[GitHub] flink issue #5185: [FLINK-8297] [flink-rocksdb] Optionally store elements of...

2018-05-02 Thread je-ik
Github user je-ik commented on the issue:

https://github.com/apache/flink/pull/5185
  
@StefanRRichter I think that was exactly the initial idea, but then we came 
into troubles with the savepoints and changing list type. Also as @aljoscha 
mentioned, it can be confusing for users to see `MapState` instead of 
`ListState` after inspecting the savepoint. Unfortunately, I currently don't 
have time to work on this, so if anyone would be interested in getting this 
done, that would be awesome.


---


[GitHub] flink issue #5185: [FLINK-8297] [flink-rocksdb] Optionally store elements of...

2018-03-09 Thread je-ik
Github user je-ik commented on the issue:

https://github.com/apache/flink/pull/5185
  
@StephanEwen I think it should be configurable. As Aljoscha pointed out, it 
is needed to ensure that these two representations have the same serialized 
form in checkpoints, because that way users can switch back and forth the 
implementations between application restarts. Unfortunately, I didn't have time 
to dive into that so far. :-(


---


[GitHub] flink issue #5185: [FLINK-8297] [flink-rocksdb] Optionally store elements of...

2018-02-14 Thread je-ik
Github user je-ik commented on the issue:

https://github.com/apache/flink/pull/5185
  
@aljoscha I updated the title. I'm a little concerned about the 
serialization in savepoint. If the serialization is *exactly* the same, doesn't 
that actually mean that again, the whole List will be stored in single byte[], 
which will OOME for cases which the user wanted to solve by activating the 
"large list" implementation? Or am I missing something?


---


[GitHub] flink issue #5185: [FLINK-8297] [flink-rocksdb] optionally use RocksDBMapSta...

2018-02-11 Thread je-ik
Github user je-ik commented on the issue:

https://github.com/apache/flink/pull/5185
  
@aljoscha I (partly) reworked this PR as you suggest. There are still some 
unresolved questions though:
 1) I'm not 100% sure how to cleanly support the migration between list 
state savepoints, would you have any pointers on how should I address this?
 2) I didn't test the new version on actual flink job yet, it just passes 
tests
I think there will be some more modifications needed, so I will test this 
on real data when there is agreement on the actual implementation.
Thanks in advance for any comments!


---


[GitHub] flink issue #5185: [FLINK-8297] [flink-rocksdb] optionally use RocksDBMapSta...

2017-12-21 Thread je-ik
Github user je-ik commented on the issue:

https://github.com/apache/flink/pull/5185
  
I think that the failed test is not related to this PR.


---


[GitHub] flink pull request #5185: [FLINK-8297] [flink-rocksdb] optionally use RocksD...

2017-12-19 Thread je-ik
GitHub user je-ik opened a pull request:

https://github.com/apache/flink/pull/5185

[FLINK-8297] [flink-rocksdb] optionally use RocksDBMapState internally for 
storing lists

## What is the purpose of the change

Enable storing lists not fitting to memory per single key.

## Brief change log

## Verifying this change

This change added tests and can be verified as follows:
  passes additional tests for RocksDBStateBackend.enableLargeListsPerKey()
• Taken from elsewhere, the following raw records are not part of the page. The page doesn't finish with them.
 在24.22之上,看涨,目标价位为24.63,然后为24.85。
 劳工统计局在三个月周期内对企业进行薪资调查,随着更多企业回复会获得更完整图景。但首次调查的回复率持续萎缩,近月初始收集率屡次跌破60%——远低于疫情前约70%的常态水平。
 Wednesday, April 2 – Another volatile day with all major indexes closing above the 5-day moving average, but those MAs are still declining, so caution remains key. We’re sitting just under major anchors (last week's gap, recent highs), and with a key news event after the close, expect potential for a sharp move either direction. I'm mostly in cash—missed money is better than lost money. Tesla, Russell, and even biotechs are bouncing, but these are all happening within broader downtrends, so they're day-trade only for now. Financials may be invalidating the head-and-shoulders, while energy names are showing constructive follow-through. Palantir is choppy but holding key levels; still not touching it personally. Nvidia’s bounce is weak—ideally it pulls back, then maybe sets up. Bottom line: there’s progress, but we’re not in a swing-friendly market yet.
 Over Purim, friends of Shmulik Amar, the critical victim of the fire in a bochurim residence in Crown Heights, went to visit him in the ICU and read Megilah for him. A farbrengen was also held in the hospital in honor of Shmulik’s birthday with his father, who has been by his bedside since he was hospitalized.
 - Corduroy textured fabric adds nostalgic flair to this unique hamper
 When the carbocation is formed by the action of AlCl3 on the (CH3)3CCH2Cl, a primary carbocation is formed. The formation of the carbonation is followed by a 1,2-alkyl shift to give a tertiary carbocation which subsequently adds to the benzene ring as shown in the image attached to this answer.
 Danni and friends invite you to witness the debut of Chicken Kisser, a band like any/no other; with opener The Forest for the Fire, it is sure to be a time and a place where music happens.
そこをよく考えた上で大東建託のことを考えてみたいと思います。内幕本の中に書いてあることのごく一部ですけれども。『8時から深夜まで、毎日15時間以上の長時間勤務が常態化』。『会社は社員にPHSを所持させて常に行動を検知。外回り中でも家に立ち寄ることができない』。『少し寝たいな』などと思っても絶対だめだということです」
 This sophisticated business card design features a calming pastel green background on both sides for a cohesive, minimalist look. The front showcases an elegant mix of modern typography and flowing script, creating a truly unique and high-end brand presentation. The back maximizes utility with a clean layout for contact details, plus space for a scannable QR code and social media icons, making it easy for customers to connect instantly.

## Does this pull request potentially affect one of the following parts:

  - Dependencies (does it add or upgrade a dependency): no
  - The public API, i.e., is any changed class annotated with 
`@Public(Evolving)`: yes
  - The serializers: no
  - The runtime per-record code paths (performance sensitive): no, backward 
compatible
  - Anything that affects deployment or recovery: JobManager (and its 
components), Checkpointing, Yarn/Mesos, ZooKeeper: no
  - The S3 file system connector: no

## Documentation

  - Does this pull request introduce a new feature? yes
  - If yes, how is the feature documented? JavaDocs


You can merge this pull request into a Git repository by running:

$ git pull https://github.com/datadrivencz/flink 
rocksdb-backend-memory-optimization

Alternatively you can review and apply these changes as the patch at:

https://github.com/apache/flink/pull/5185.patch

To close this pull request, make a commit to your master/trunk branch
with (at least) the following in the commit message:

This closes #5185


commit f1bbaa30901ba8a54b02908fd3eb3615301b4400
Author: Jan Lukavsky <je...@seznam.cz>
Date:   2017-12-14T20:42:06Z

[FLINK-8297] [flink-rocksdb] optionally use RocksDBMapState internally for 
storing lists




---